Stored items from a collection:
——
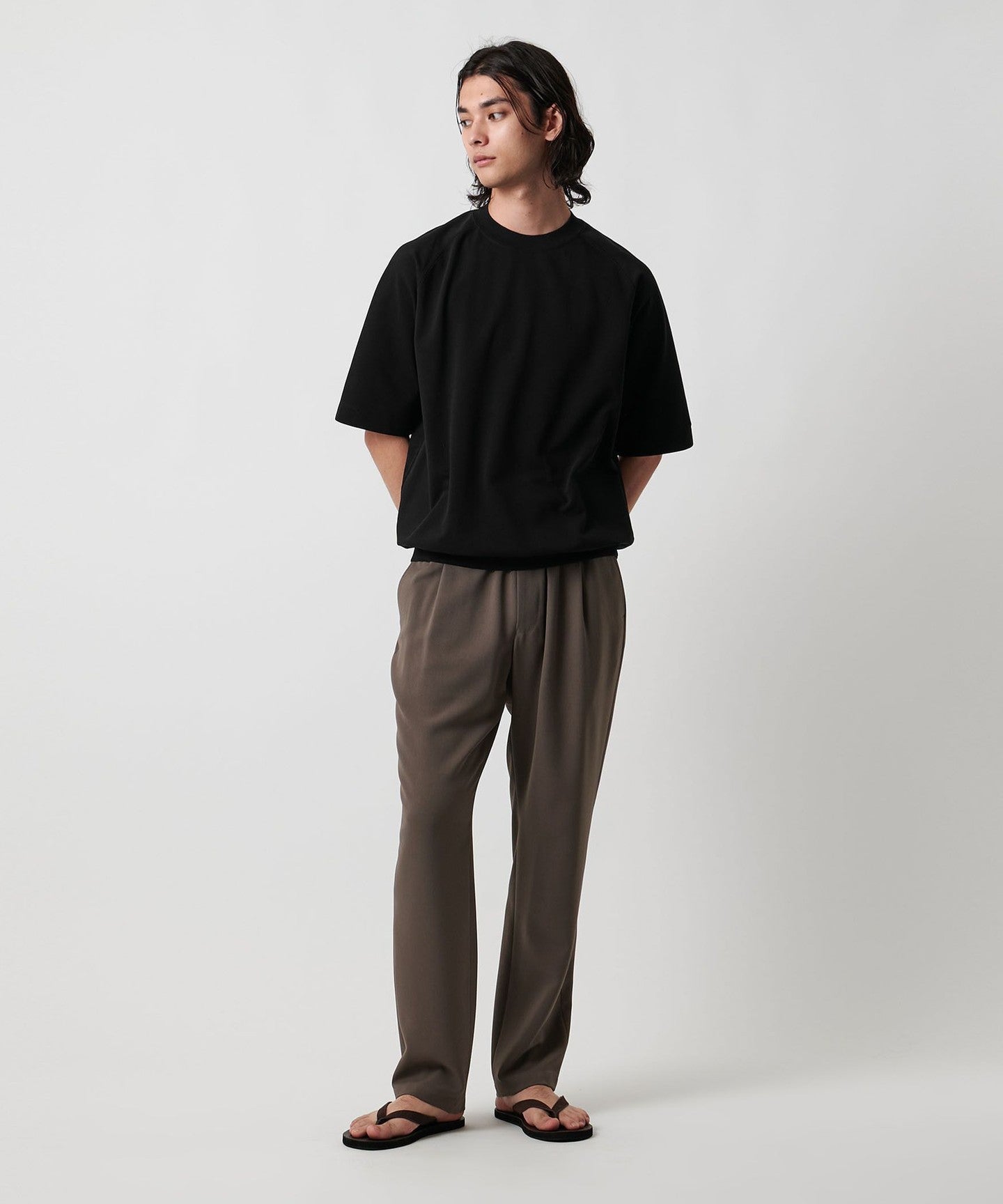 We recommend pairing it with slacks-style trousers for a sophisticated, mature look.
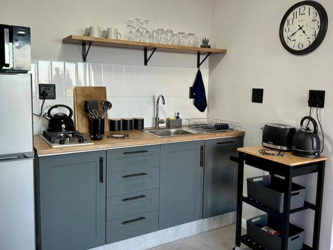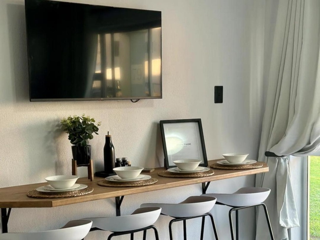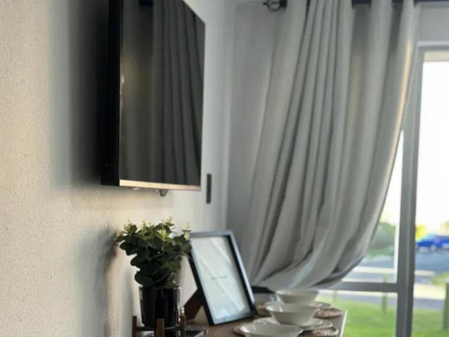 The cozy living room includes a TV, while the fully equipped kitchen boasts a microwave, toaster, stove-top, refrigerator, and kitchenware. Additionally, the apartment features an outdoor dining area and a barbecue for enjoying meals al fresco.
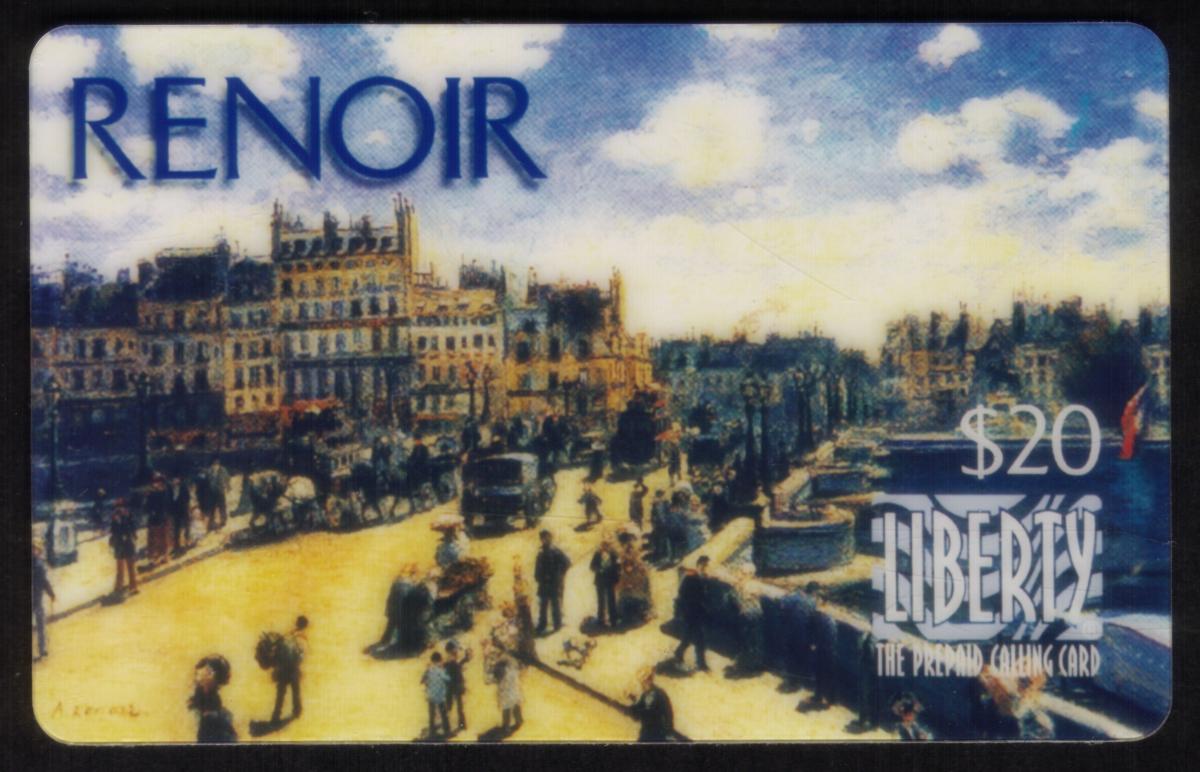 The card displays the text "RENOIR" prominently at the top left in capital letters. On the right side, it indicates a value of "$20" alongside the logo and text for LIBERTEL, identifying it as a prepaid calling card. The design incorporates bright colors and fine details characteristic of post-impressionist art, reflecting Renoir’s artistic style.
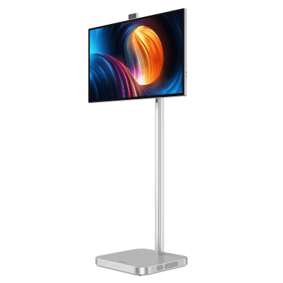 31.5-inch (32-inch class) 4K UHD (3840 x 2160) full lamination touch screen, VA panel technology with 3000:1 contrast ratio, 10-point multi-touch, aspect ratio 16:9, glossy screen, Android OS 11, MT8195 Octa-core CPU (6nm flagship mobile SoC), 8GB RAM, 128GB storage, built-in 144Wh battery (4+ hour battery life), Wi-Fi, Bluetooth, ambient light sensor, Google Play and Google service support, flexible wireless mobility with four universal silent wheels, easy adjustment (tilt angle: -18° to 18°, swivel: -30° to 30°, pivot: 90°, height adjustment), wide viewing angles (178° horizontal/vertical), wide color gamut (99% sRGB, 85% NTSC, 92% DCI-P3, 84% Adobe RGB), 8MP magnetic camera (landscape/portrait), 4-array DSP noise-cancelling microphones (range up to 5 meters), 2 x 10W built-in speakers, HDMI and USB 3.0 ports, mini HDMI + type C connector, multi-screen connectivity via e-Share, supports Windows, Android, iOS wireless screen projection, weight 27.3 kg, model number DHI-LM32-U400P, color: silver.
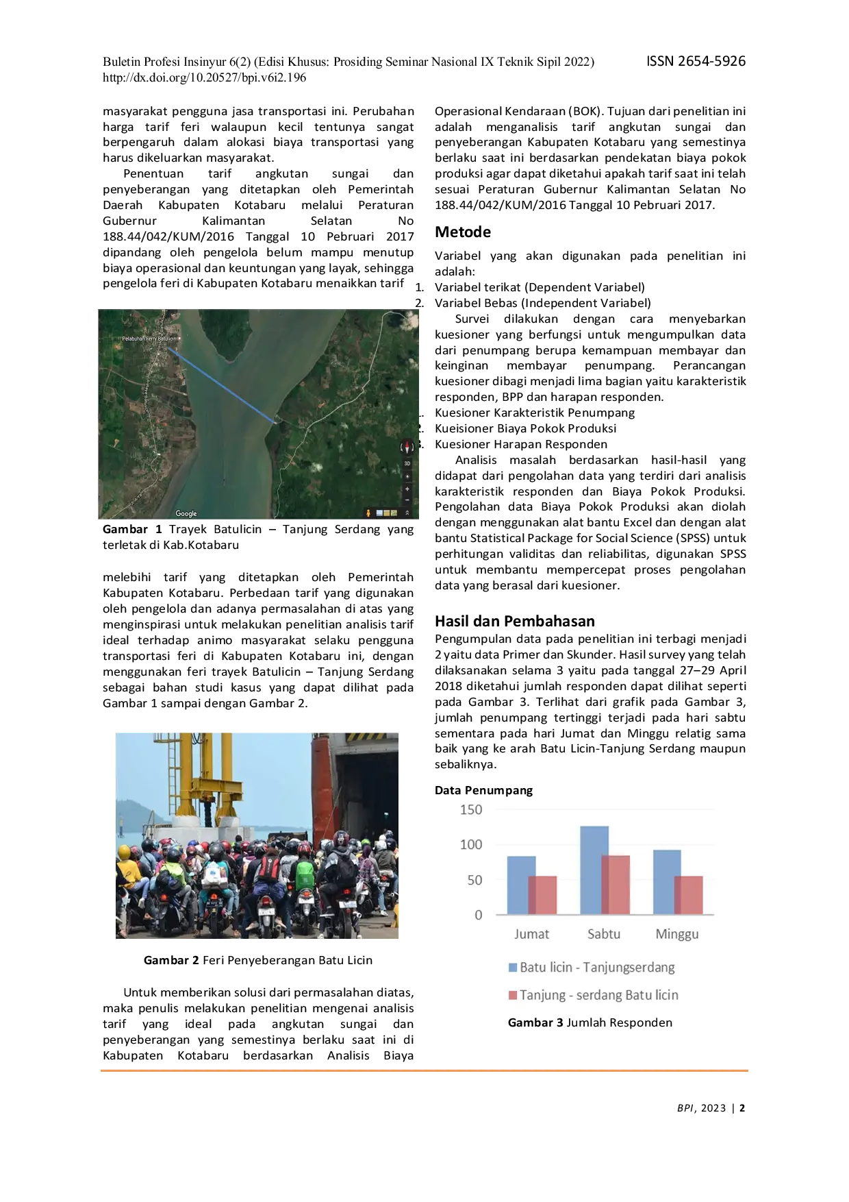 Buletin Profesi InsinyurBuletin Profesi InsinyurPenelitian ini bertujuan untuk menganalisis tarif ideal angkutan sungai dan penyeberangan yang semestinya berlaku saat ini berdasarkan pendekatan biaya pokok produksi agar dapat diketahui apakah tarif saat ini sudah mempertimbangkan kepentingan pengelola dan pengguna. Metode penelitian ini menggunakan analisis masalah berdasarkan hasil pengolahan data yang terdiri dari analisis karakteristik responden dan Biaya Pokok Produksi, untuk mengukur tingkat kemampuan daya beli masyarakat Kabupaten Kotabaru berdasarkan kemauan untuk membayar dan kemampuan daya beli alokasi pendapatan masyarakat terhadap jasa ASDP Kabupaten Kotabaru.
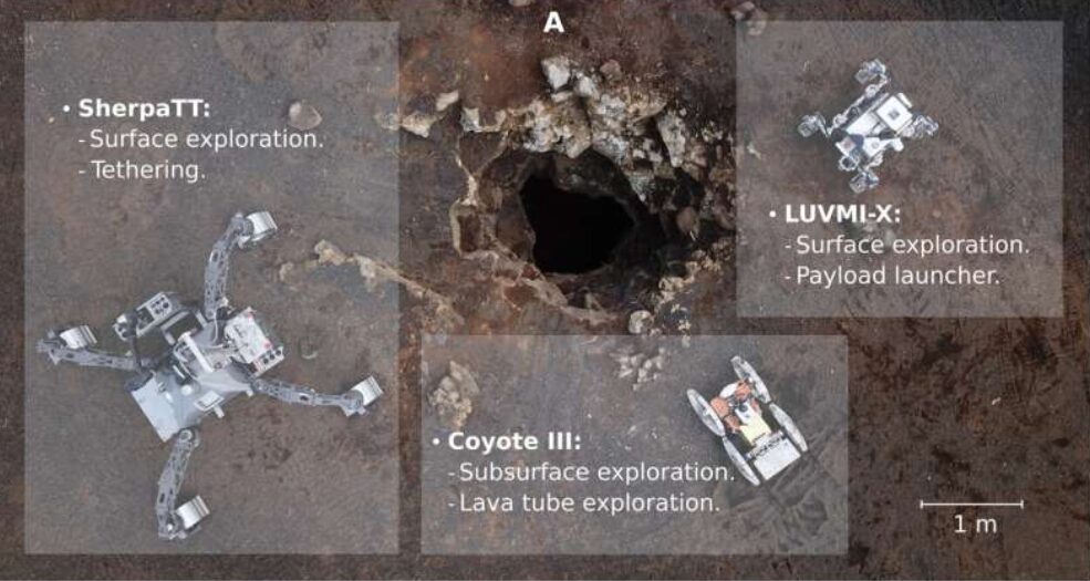 Human exploration of these tubes is risky, expensive and currently unfeasible. Robots are a safer, more cost-effective option. “A heterogeneous cooperative robot team is a promising approach to address the access and exploration of extraterrestrial lava caves,” wrote the researchers in a paper published in Science Robotics that describes their work on Lanzarote.
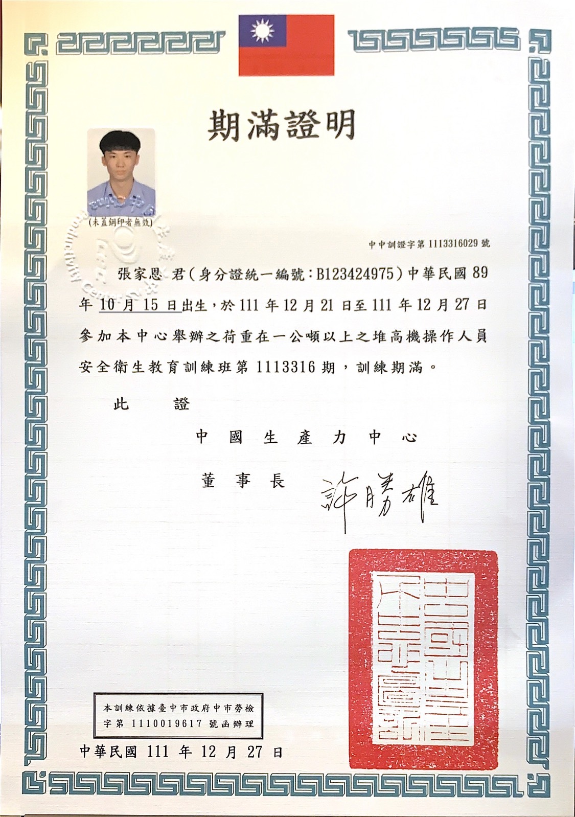 荷重在一公噸以上堆高機操作人員 |
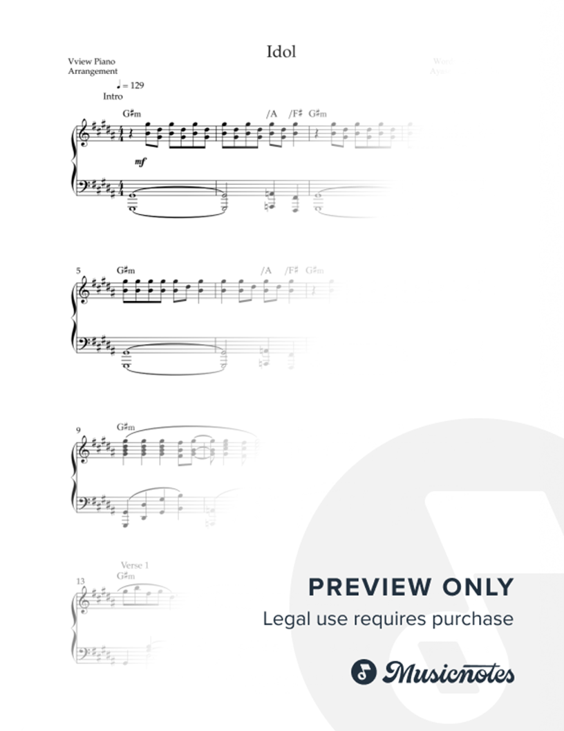 Musicnotes sells a wide variety of digital sheet music products including Singer Pros, Beginner Notes, Choral music, Piano Solos, Lead Sheets, Piano/Vocal/Guitar, Solo and Accompaniment, and fretted instrument tablature.
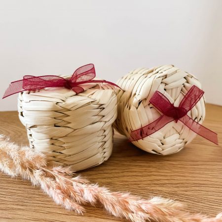 Embrace rustic charm with this handmade gift box crafted from natural woven palm leaves. Featuring a minimalist design and a lovely bow detail, this eco-friendly box is perfect for presenting small gifts or adding a touch of natural elegance to your decor. Its sturdy construction makes it both practical and beautiful.
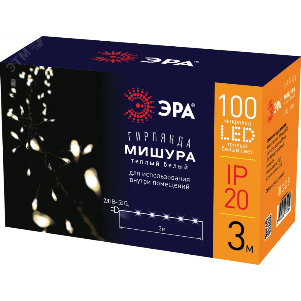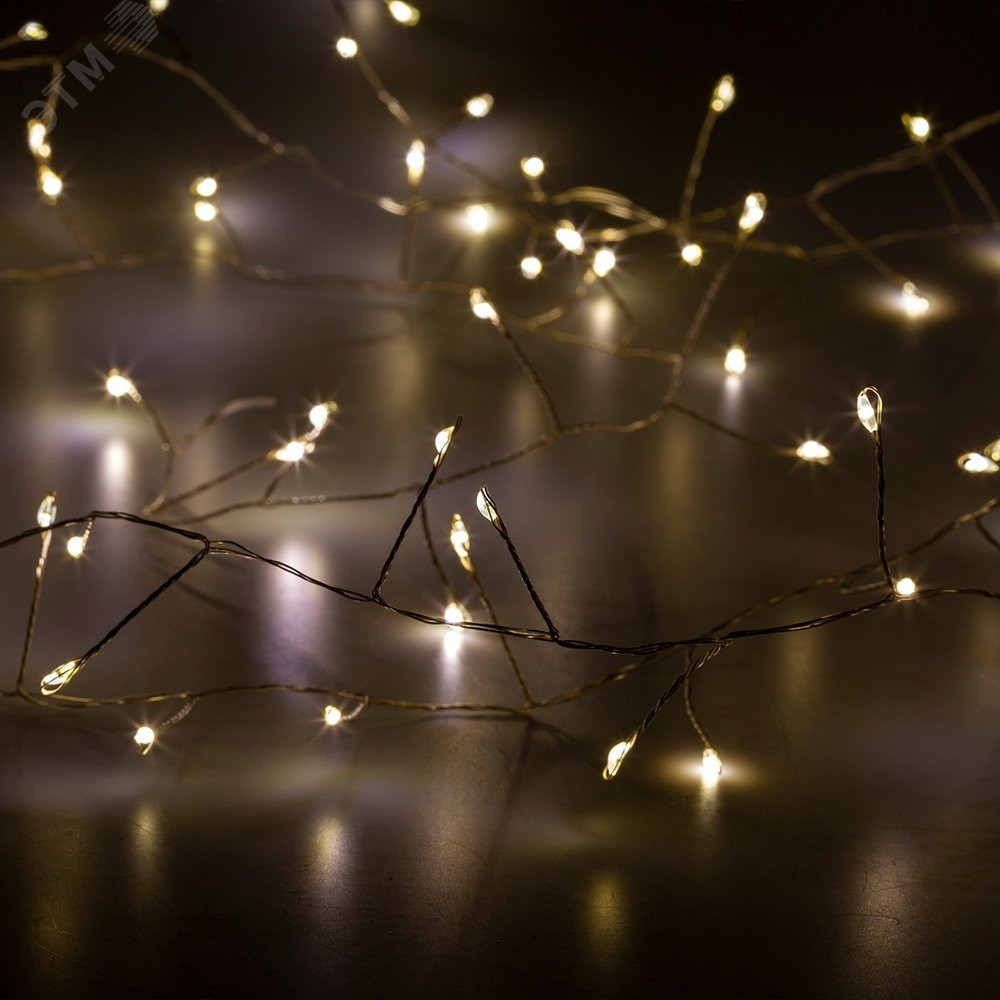 Описание Светодиодная новогодняя гирлянда ЕNIG - 100M нить Мишура 3 м теплый белый 150 microLED 220 V Б0051871
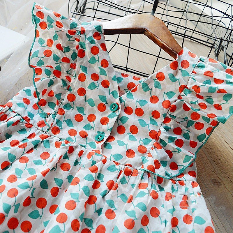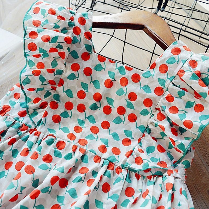Kids Girls Sweet Square Neck Sleeveless Ruffled All Over Print Dress
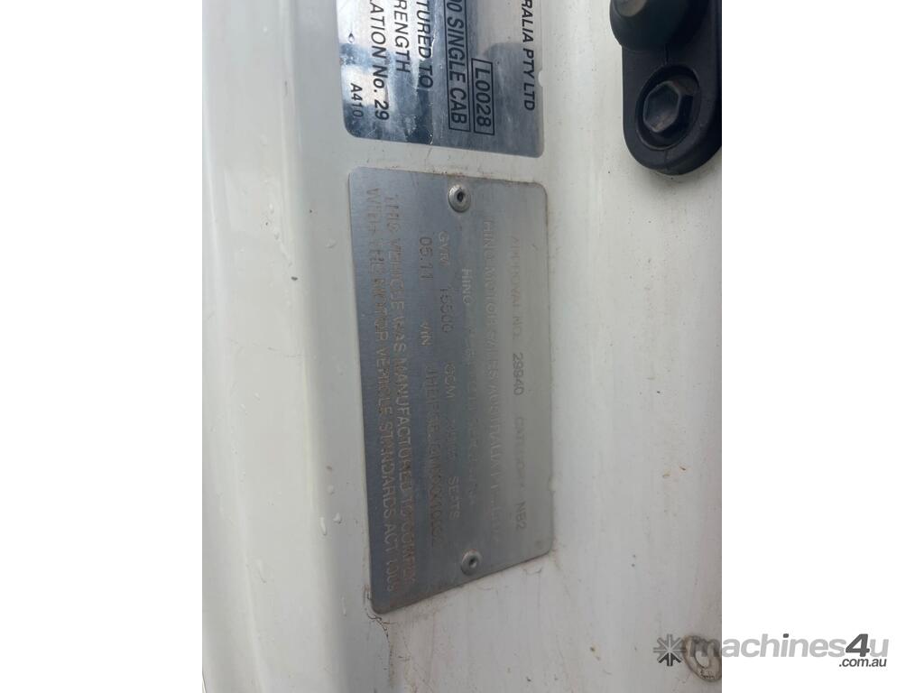CP: 05/2011,Hino,FG1J,Street Sweeper (Dual Control),Automatic,Spring,6 Cyl,Diesel Turbo,126411 (Kms. Showing on Odometer),Hourmeter not visible,Colour: White,Unregistered,VIN: JHDFG8JGMXXX10032,Length: 5.7 m,GVM: 15500,GCM: 24000,Sold with No Plates,WOVR Status: WOVR N/A,Incident Type: Not Applicable
——
TASK INSTRUCTIONS. In the copy, omit the pictures and reproduce every entry exactly.

SOLUTION.
 We recommend pairing it with slacks-style trousers for a sophisticated, mature look.
 The cozy living room includes a TV, while the fully equipped kitchen boasts a microwave, toaster, stove-top, refrigerator, and kitchenware. Additionally, the apartment features an outdoor dining area and a barbecue for enjoying meals al fresco.
 The card displays the text "RENOIR" prominently at the top left in capital letters. On the right side, it indicates a value of "$20" alongside the logo and text for LIBERTEL, identifying it as a prepaid calling card. The design incorporates bright colors and fine details characteristic of post-impressionist art, reflecting Renoir’s artistic style.
 31.5-inch (32-inch class) 4K UHD (3840 x 2160) full lamination touch screen, VA panel technology with 3000:1 contrast ratio, 10-point multi-touch, aspect ratio 16:9, glossy screen, Android OS 11, MT8195 Octa-core CPU (6nm flagship mobile SoC), 8GB RAM, 128GB storage, built-in 144Wh battery (4+ hour battery life), Wi-Fi, Bluetooth, ambient light sensor, Google Play and Google service support, flexible wireless mobility with four universal silent wheels, easy adjustment (tilt angle: -18° to 18°, swivel: -30° to 30°, pivot: 90°, height adjustment), wide viewing angles (178° horizontal/vertical), wide color gamut (99% sRGB, 85% NTSC, 92% DCI-P3, 84% Adobe RGB), 8MP magnetic camera (landscape/portrait), 4-array DSP noise-cancelling microphones (range up to 5 meters), 2 x 10W built-in speakers, HDMI and USB 3.0 ports, mini HDMI + type C connector, multi-screen connectivity via e-Share, supports Windows, Android, iOS wireless screen projection, weight 27.3 kg, model number DHI-LM32-U400P, color: silver.
 Buletin Profesi InsinyurBuletin Profesi InsinyurPenelitian ini bertujuan untuk menganalisis tarif ideal angkutan sungai dan penyeberangan yang semestinya berlaku saat ini berdasarkan pendekatan biaya pokok produksi agar dapat diketahui apakah tarif saat ini sudah mempertimbangkan kepentingan pengelola dan pengguna. Metode penelitian ini menggunakan analisis masalah berdasarkan hasil pengolahan data yang terdiri dari analisis karakteristik responden dan Biaya Pokok Produksi, untuk mengukur tingkat kemampuan daya beli masyarakat Kabupaten Kotabaru berdasarkan kemauan untuk membayar dan kemampuan daya beli alokasi pendapatan masyarakat terhadap jasa ASDP Kabupaten Kotabaru.
 Human exploration of these tubes is risky, expensive and currently unfeasible. Robots are a safer, more cost-effective option. “A heterogeneous cooperative robot team is a promising approach to address the access and exploration of extraterrestrial lava caves,” wrote the researchers in a paper published in Science Robotics that describes their work on Lanzarote.
 荷重在一公噸以上堆高機操作人員 |
 Musicnotes sells a wide variety of digital sheet music products including Singer Pros, Beginner Notes, Choral music, Piano Solos, Lead Sheets, Piano/Vocal/Guitar, Solo and Accompaniment, and fretted instrument tablature.
 Embrace rustic charm with this handmade gift box crafted from natural woven palm leaves. Featuring a minimalist design and a lovely bow detail, this eco-friendly box is perfect for presenting small gifts or adding a touch of natural elegance to your decor. Its sturdy construction makes it both practical and beautiful.
 Описание Светодиодная новогодняя гирлянда ЕNIG - 100M нить Мишура 3 м теплый белый 150 microLED 220 V Б0051871
Kids Girls Sweet Square Neck Sleeveless Ruffled All Over Print Dress
CP: 05/2011,Hino,FG1J,Street Sweeper (Dual Control),Automatic,Spring,6 Cyl,Diesel Turbo,126411 (Kms. Showing on Odometer),Hourmeter not visible,Colour: White,Unregistered,VIN: JHDFG8JGMXXX10032,Length: 5.7 m,GVM: 15500,GCM: 24000,Sold with No Plates,WOVR Status: WOVR N/A,Incident Type: Not Applicable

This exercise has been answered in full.